For twenty years, Porter pursued a project to publish nature photographs combined with quotes from works by Henry David Thoreau. Not until an associate introduced him to the executive director of the Sierra Club did Porter find a willing publisher. [7] His 1962 book, In Wildness Is the Preservation of the World featured Porter's color nature studies of the New England woods.[3] The book increased his reputation, and Porter served as a director of the Sierra Club from 1965 to 1971.[8] He was elected a Fellow of the American Academy of Arts and Sciences in 1971.[9]

Porter traveled extensively to photograph ecologically important and culturally significant places. He published books of photographs from Glen Canyon in Utah, Maine, Baja California, Galápagos Islands, Antarctica, East Africa, and Iceland.
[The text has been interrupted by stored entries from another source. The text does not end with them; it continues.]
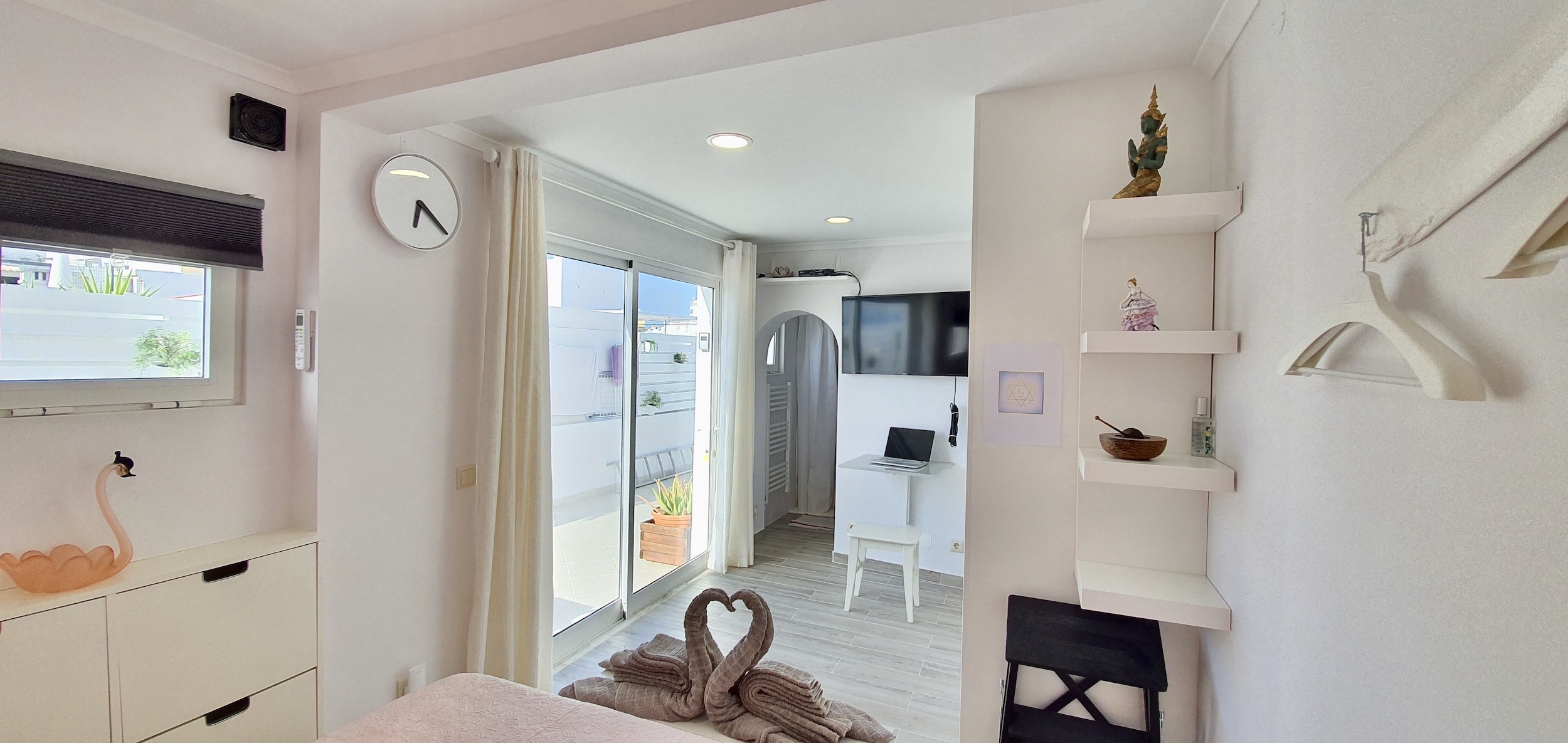 la Casinha, suite avec TV, lit Queen Size, salle d'eau, petit coin tout équipé pour petit déjeuner, wc, une baie vitrée qui donne sur une terrasse.
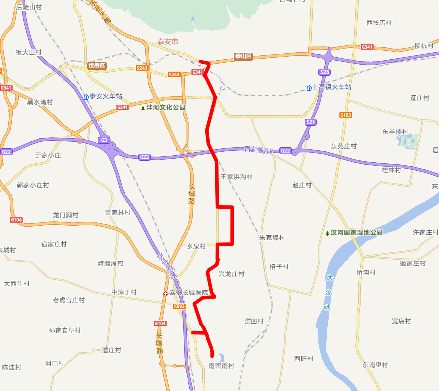優(yōu)化調(diào)整后26路首末站變?yōu)?/span>泰山火車站廣場和太陽部落。運行路線為泰山火車站廣場—站前街—龍?zhí)堵?mdash;南天門大街—龍騰路—中天門大街—龍?zhí)堵?mdash;龍?zhí)赌下?mdash;濱湖路—勝利路—北留街—北留小區(qū)—北留街—勝利路—太陽部落。優(yōu)化調(diào)整后運行路線圖如下:
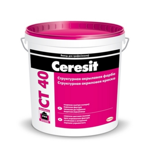 Структурная акриловая краска Ceresit CT 40 предназначена для окраски поверхностей строительных конструкций и элементов внутри и снаружи зданий по минеральным основаниям (бетон, кирпич, цементно-песчаные штукатурки), внутри зданий по гипсовым основаниям. Также может применяться для отделки деревянных оснований из ОСБ, ДСП, ЦСП и т.д. внутри помещений. Может служить в качестве декоративно-защитного слоя в легких штукатурных системах утепления зданий. Колеруется в соответствии с палитрой Ceresit Colors of Nature и другими цветовыми коллекциями. Возможен подбор цвета по образцу заказчика. Нагревание фасадов солнцем вызывает значительные внутренние напряжения, поэтому темные и насыщенные цвета следует использовать на небольших поверхностях и архитектурных элементах.
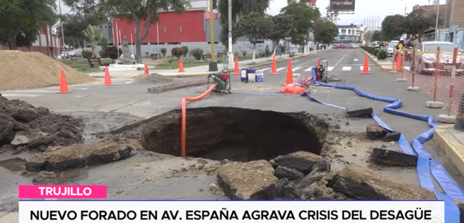 La crisis del sistema de desagüe sigue haciendo estragos en las calles de la ciudad. Un nuevo forado se ha formado en plena avenida España, una de las vías más transitadas, justo frente al supermercado Plaza Vea y al colegio Antonio Raimondi. El hecho se registró el último sábado, mostrando el gran hueco en la pista, causando tráfico lento, agentes de tránsito desviando vehículos.
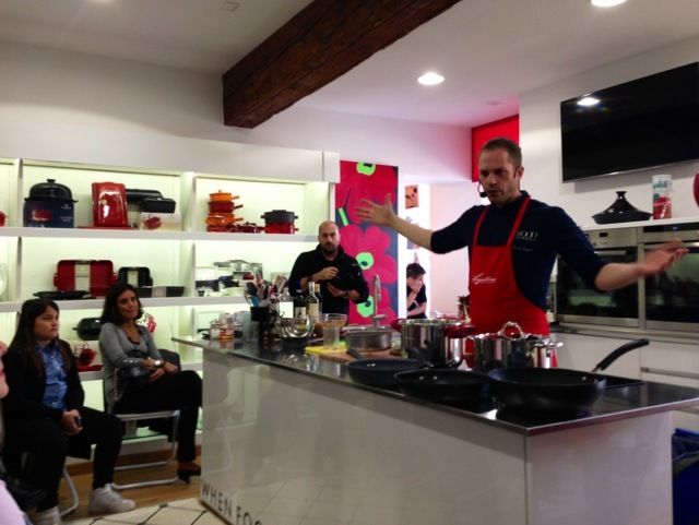 Simone Rugiati, il celebre chef conduttore del programma tv “Cuochi e Fiamme”, ha fatto il pienone ieri nella cucina di “Fontana Liste Nozze” di Cuneo con il suo show cooking per la Lagostina, davanti a una platea sessanta persone (tutte donne, dai 10 anni in su). Rugiati, 34 anni, ha precisato che il suo non era un vero e proprio “corso di cucina”, piuttosto una chiacchierata a 360 gradi su “un sacco di cose che non c'entrano necessariamente con la ricetta”. Che consisteva in due piatti di pesce: totani su crema di ceci e paccheri alla coda di rospo.
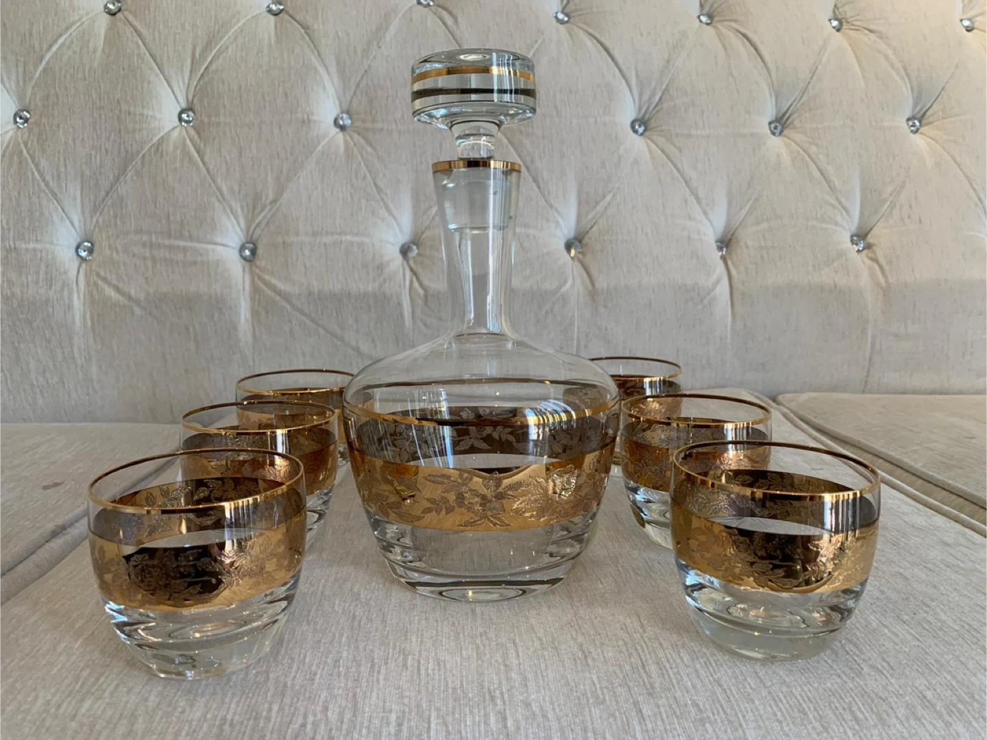Selling a beautiful vintage decanter and glasses set! The set features a clear glass decanter and six matching glasses, all adorned with elegant gold trim and a floral design. Perfect for adding a touch of vintage charm to your home bar or as a special gift!
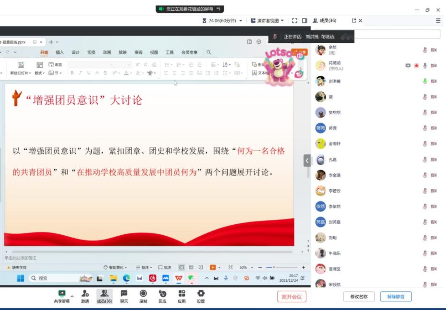 2023年12月24日晚8:00,2023级咨询二班团支部联合2023级MHR团支部在腾讯会议共同开展了专题组织生活会,会议由两个班的团支书花璐涵和余樊共同主持,共分为唱团歌、“增强团员意识”大讨论、“挺膺担当,做优秀团员”组织生活会讨论以及重温入团誓词四个部分,35名团员青年在线上积极参加了本次活动。
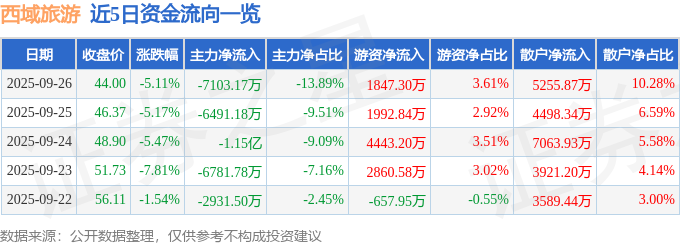 证券之星消息,截至2025年9月26日收盘,西域旅游(300859)报收于44.0元,下跌5.11%,换手率7.32%,成交量11.34万手,成交额5.11亿元。

His cultural studies included Mexico, Egypt, China, Czechoslovakia, and ancient Greek sites. His book on Glen Canyon, The Place No One Knew, memorialized the canyon's appearance before its inundation by the Lake Powell reservoir.

James Gleick’s book Chaos: Making a New Science (1987) caused Porter to reexamine his work in the context of chaos theory. They collaborated on a project published in 1990 as Nature's Chaos, which combined his photographs with a new essay by Gleick.[1] Porter died in Santa Fe, New Mexico in 1990 and bequeathed his personal archive to the Amon Carter Museum of American Art in Fort Worth, Texas.[1]

Personal life

Porter was also a friend of modernist painter Georgia O'Keeffe, who accompanied him on several camping expeditions including a rough raft trip down the Colorado River in 1961.

Eliot Porter's brother, Fairfield Porter, was a realist painter and art critic. His brother-in-law, Michael W. Straus, was a commissioner of the United States Bureau of Reclamation.

References

  1. 1 2 3 Amon Carter Museum. Eliot Porter collection guide. Retrieved September 12, 2008.
  2. Tucker, Anne W. (1983). Eliot Porter: Intimate Landscapes. Houston: The Museum of Fine Arts, Houston. OCLC 222137915.Exhibition brochure
  3. 1 2 Amon Carter Museum. Biography of Eliot Porter. Retrieved September 12, 2008.
  4. Porter, Eliot (1987). Eliot Porter. New York: Little, Brown and Company. OCLC 925354127.Exhibition catalog
  5. Porter, Eliot (1987). Eliot Porter. New York: Little, Brown and Company. OCLC 925354127.Exhibition catalog
  6. Porter, Eliot (1953). American Birds: 10 Photographs in Color. New York: McGraw Hill. OCLC 8755014.
  7. Porter, Eliot (1987). Eliot Porter. New York: Little, Brown and Company. OCLC 925354127.Exhibition catalog
  8. "Roster of Sierra Club Directors" (PDF). Sierra Club. Retrieved 2009-10-23.
  9. "Book of Members, 1780-2010: Chapter P" (PDF). American Academy of Arts and Sciences. Retrieved 10 April 2011.